Choroidal Neovascularization (CNV) is the advanced stage of Age-related Macular Degeneration (AMD), which is the leading cause of irreversible visual loss for elder people in developed countries. Optical Coherence Tomography Angiography (OCTA) is a recent non-invasive imaging technique widely used nowadays in diagnosis and follow-up of CNV. In this study, an automatic screening of CNV based on deep learning is performed using OCTA choriocapillaris images. CNV eyes (advanced wet AMD) are diagnosed among healthy eyes (no AMD) and eyes with drusen (intermediate AMD). An OCTA dataset of 1396 images is used to train and evaluate the model. A pre-trained convolutional neural network (CNN) is fine-tuned and validated on 80% of the dataset while the remaining 20% is used independently for predictions.
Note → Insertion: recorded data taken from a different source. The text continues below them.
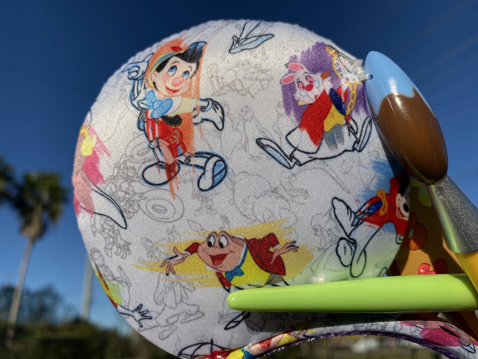 The pattern on each ear features classic Walt-era characters with a mix of pencil and paint to showcase the animation process. Characters include Sorcerer Mickey, Pinocchio, Dumbo, Mr. Toad, and the White Rabbit in full color. Behind them are pencil-only characters including the Three Caballeros, Johnny Fedora and Alice Bluebonnet, Alice, penguins from Mary Poppins, Hyacinth Hippo and Ben Ali Gator, Pedro the airplane, and more.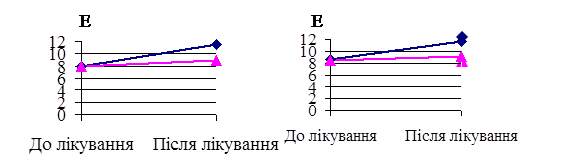 Через 12 тижнів лікування симвастатином спостерігалась значна позитивна динаміка з боку ліпідного профілю. 15 хворих (75%) досягли рекомендованого цільового рівня ЗХС <4,5 ммоль/л, 14(70%) – рекомендованого цільового рівня ХС ЛПВЩ (для жінок – >1,3 ммоль/л і чоловіків – >1 ммоль/л) та 15(75%) – рекомендованого цільового рівня ХС ЛПНЩ <2,6 ммоль/л. Слід зазначити, що на фоні лікування ефективність прийому 10-20 мг симвастатину проявлялася у достовірному зниженні рівня всіх ліпідних фракцій наприкінці 8 тижня, окрім ХС ЛПДНЩ, які достовірно змінились лише з 12 тижня.За нашою думкою, дане зниження показників ліпідного профілю наприкінці 8 тижня може бути критерієм ранньої ефективності препарату за період спостереження.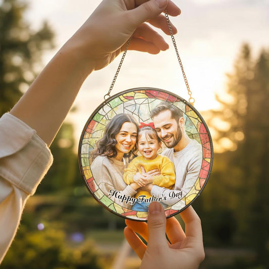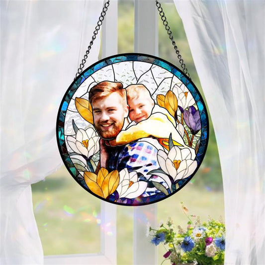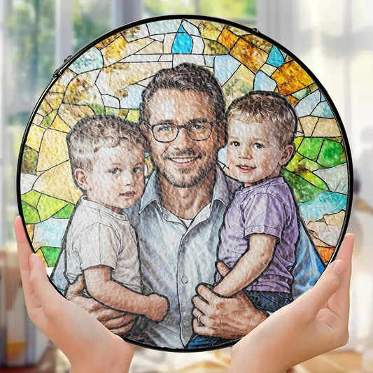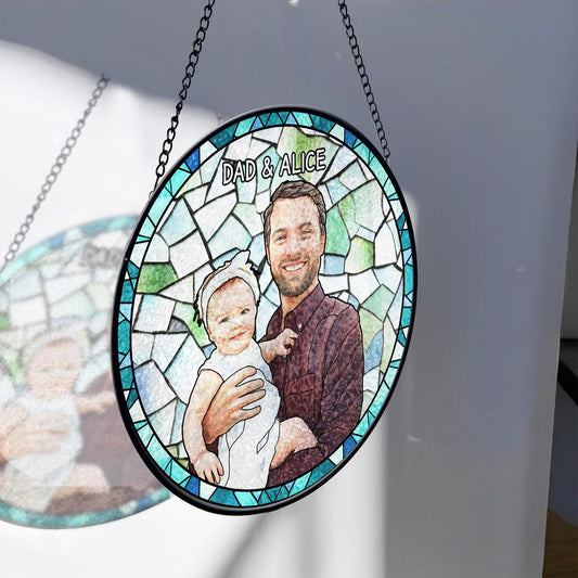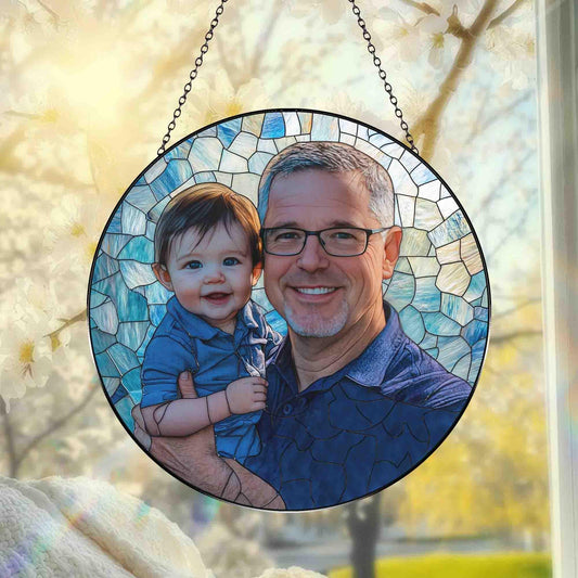 Custom Father's Day Gift, Personalized Photo Glass Suncatcher, Stained Glass Portrait, Family Picture Window Hanging, Gift for Grandpa Dad Papa (Sun-158)

The model can accurately detect CNV on the test set with an accuracy of 89.74%, precision of 0.96 and 0.99 area under the curve of the receiver operating characteristic. A good overall classification accuracy of 88.46% is obtained on a balanced test set. Detailed analysis of misclassified images shows that they are also considered ambiguous images for expert clinicians. This novel CNN-based application is truly a breakthrough to assist clinicians in the challenging task of screening for neovascular complications.

Highlights

  • Age-related Macular Degeneration (AMD) is the leading cause of irreversible blindness in the elderly population of developed countries

  • AMD is characterized by changes in the Retinal Pigment Epithelium (RPE), Bruch’s Membrane (BM), or Choriocapillaris (CC) complex [1]

  • Late AMD consists of wet AMD, characterized by choroidal neovascularization (CNV), and dry AMD, characterized by geographic atrophy (GA) in the macular area [3,4]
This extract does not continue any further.